The records below are to be repeated exactly, minus any pictures.
--------------------------------------------------
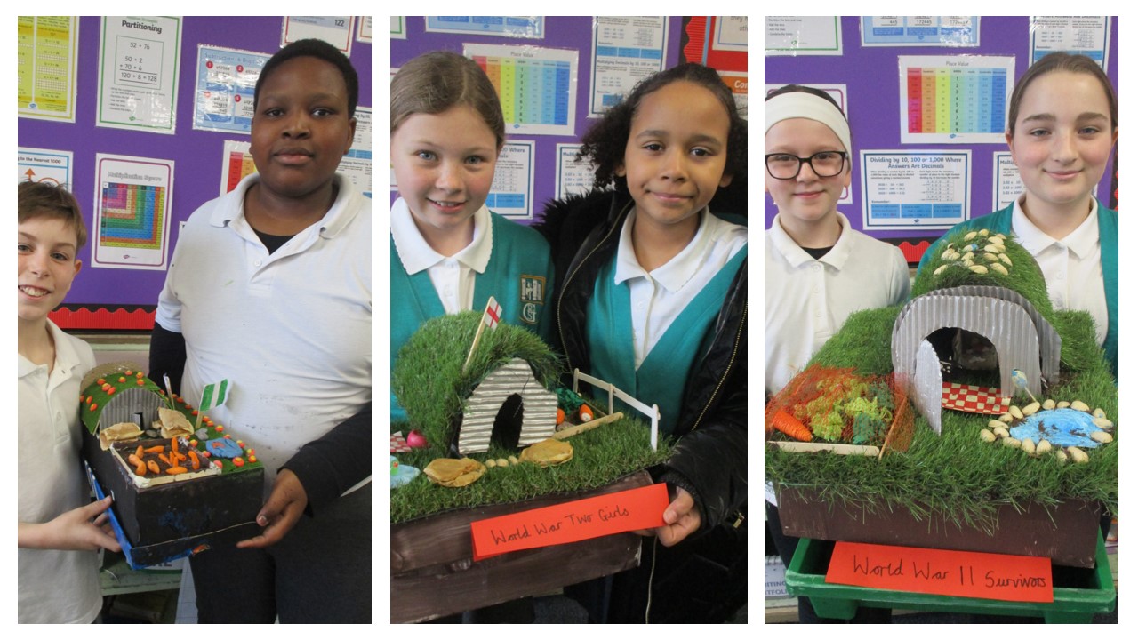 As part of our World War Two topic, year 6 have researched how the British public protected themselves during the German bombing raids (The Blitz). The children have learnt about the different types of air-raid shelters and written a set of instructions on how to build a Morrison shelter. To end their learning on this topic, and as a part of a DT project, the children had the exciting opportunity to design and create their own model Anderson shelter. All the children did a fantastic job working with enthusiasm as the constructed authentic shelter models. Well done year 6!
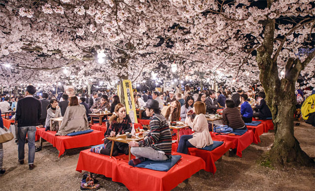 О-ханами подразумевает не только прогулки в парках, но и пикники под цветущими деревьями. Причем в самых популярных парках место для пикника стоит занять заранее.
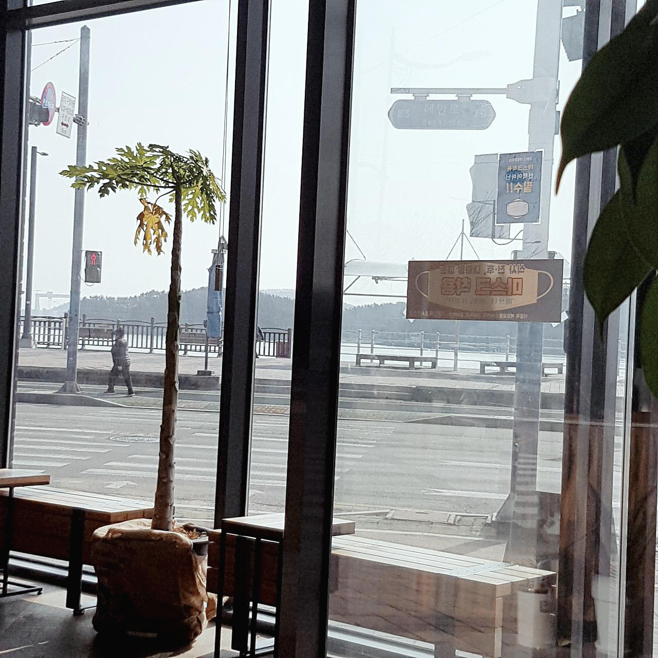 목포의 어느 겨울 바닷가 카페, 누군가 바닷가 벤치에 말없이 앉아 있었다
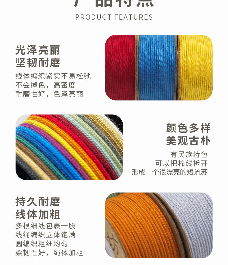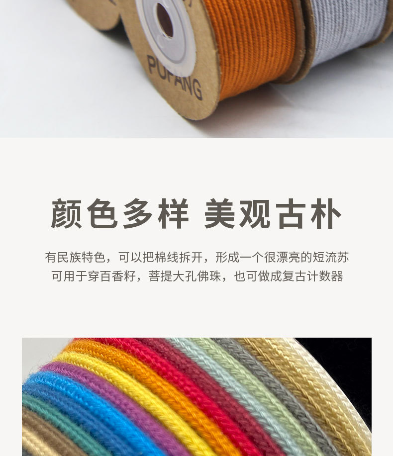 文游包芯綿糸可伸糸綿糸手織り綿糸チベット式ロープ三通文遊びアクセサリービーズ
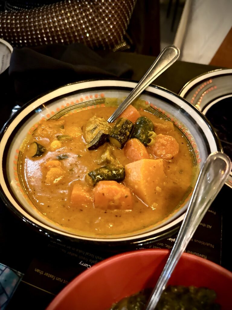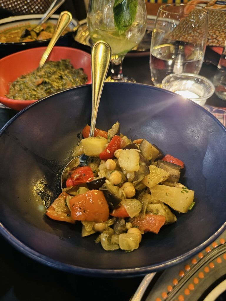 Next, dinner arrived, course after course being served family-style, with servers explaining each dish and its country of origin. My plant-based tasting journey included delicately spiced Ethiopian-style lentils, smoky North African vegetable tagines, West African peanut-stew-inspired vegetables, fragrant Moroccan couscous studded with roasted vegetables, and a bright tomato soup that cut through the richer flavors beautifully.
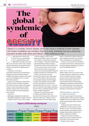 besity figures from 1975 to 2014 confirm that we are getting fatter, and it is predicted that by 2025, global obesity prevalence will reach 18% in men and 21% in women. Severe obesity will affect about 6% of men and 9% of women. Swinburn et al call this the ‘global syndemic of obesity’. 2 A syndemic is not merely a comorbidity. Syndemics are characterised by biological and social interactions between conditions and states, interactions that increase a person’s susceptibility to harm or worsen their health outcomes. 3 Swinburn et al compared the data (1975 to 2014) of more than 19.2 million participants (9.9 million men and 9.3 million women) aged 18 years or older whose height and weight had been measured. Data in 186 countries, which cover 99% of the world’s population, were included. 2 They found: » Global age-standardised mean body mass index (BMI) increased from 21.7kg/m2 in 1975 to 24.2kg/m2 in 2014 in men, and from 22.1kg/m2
--------------------------------------------------
▶ _Task result_:
 As part of our World War Two topic, year 6 have researched how the British public protected themselves during the German bombing raids (The Blitz). The children have learnt about the different types of air-raid shelters and written a set of instructions on how to build a Morrison shelter. To end their learning on this topic, and as a part of a DT project, the children had the exciting opportunity to design and create their own model Anderson shelter. All the children did a fantastic job working with enthusiasm as the constructed authentic shelter models. Well done year 6!
 О-ханами подразумевает не только прогулки в парках, но и пикники под цветущими деревьями. Причем в самых популярных парках место для пикника стоит занять заранее.
 목포의 어느 겨울 바닷가 카페, 누군가 바닷가 벤치에 말없이 앉아 있었다
 文游包芯綿糸可伸糸綿糸手織り綿糸チベット式ロープ三通文遊びアクセサリービーズ
 Next, dinner arrived, course after course being served family-style, with servers explaining each dish and its country of origin. My plant-based tasting journey included delicately spiced Ethiopian-style lentils, smoky North African vegetable tagines, West African peanut-stew-inspired vegetables, fragrant Moroccan couscous studded with roasted vegetables, and a bright tomato soup that cut through the richer flavors beautifully.
 besity figures from 1975 to 2014 confirm that we are getting fatter, and it is predicted that by 2025, global obesity prevalence will reach 18% in men and 21% in women. Severe obesity will affect about 6% of men and 9% of women. Swinburn et al call this the ‘global syndemic of obesity’. 2 A syndemic is not merely a comorbidity. Syndemics are characterised by biological and social interactions between conditions and states, interactions that increase a person’s susceptibility to harm or worsen their health outcomes. 3 Swinburn et al compared the data (1975 to 2014) of more than 19.2 million participants (9.9 million men and 9.3 million women) aged 18 years or older whose height and weight had been measured. Data in 186 countries, which cover 99% of the world’s population, were included. 2 They found: » Global age-standardised mean body mass index (BMI) increased from 21.7kg/m2 in 1975 to 24.2kg/m2 in 2014 in men, and from 22.1kg/m2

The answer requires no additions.